Это было четырнадцатого февраля, а пятнадцатого он собирался ехать в Копенгаген.

Врач положил ему на голову прохладный компресс. Ткань была не просто смочена водой, а пропитана каким-то лекарственным настоем. Ему дали и пить тёмный и горький горячий отвар. Поставили банки. Но он всё равно не мог нормально заснуть и метался всю ночь.

Электрические светильники над головой в его спальне то уменьшались и темнели, то увеличивались и слепили его. Это всё ему казалось из-за высокой температуры. Он находился в тяжёлой полудрёме. И его личный врач, и шведский королевский лекарь не отходили от него в эту ночь. Какой-то смутный гул стоял в ушах, хотя он хорошо знал, что в покоях, отведённых ему во дворце, царит тишина.
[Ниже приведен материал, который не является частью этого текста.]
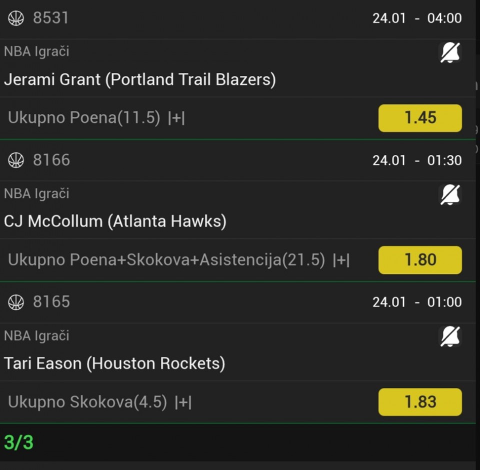 Tre jones sinoc kao sto...Dobar dan svima pre svega, idemo u standardni rekap od sinoc, i zal meni makar ostaje jer je vrlo lako moglo i po meni trebalo biti 5/5, medjutim malo je falilo. Ipak idalje pristojan ucinak sinoc.
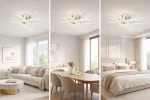 Cele 6 surse LED integrate oferă o putere totală de 108W, asigurând o iluminare uniformă și confortabilă. Cu ajutorul telecomenzii incluse, poți regla rapid temperatura de culoare (rece, neutră sau caldă) și intensitatea luminii, adaptând atmosfera în funcție de momentul zilei sau de activitate.

Внезапно ему почудился человек, спрятавшийся за тяжёлую портьеру, и он сунул руку под подушку, ища револьвер... Ему казалось, что он на фронте, спит в походном штабе, в палатке. Только он никак не мог понять, что это за война — то ли Освободительная, которая завершилась меньше года назад, то ли ещё та, Вторая Отечественная, где он командует кавалерийским соединением...

Очнулся. Никого, кроме его личного врача, не было. Он ощутил обильную влагу на теле, сильно пропотел. Лекарства подействовали. Ему стало легче, он это отчётливо почувствовал. И попросил врача пойти отдыхать.

После ухода доктора заснул. Ему снились Аландские острова. Он видел там мощные укрепления, многочисленные крупнокалиберные орудия. И понимал, что эти укрепления созданы совместно со Швецией. То есть эти — финские, а на соседних островах со стороны Аландского моря стоят укрепления шведов. Он это уже знал изначально, как это бывает во сне... И сон его был, как всегда, пророческим. Через пару лет такие укрепления были построены, и Аланды стали совместным со Швецией форпостом, защищающим Ботнический залив.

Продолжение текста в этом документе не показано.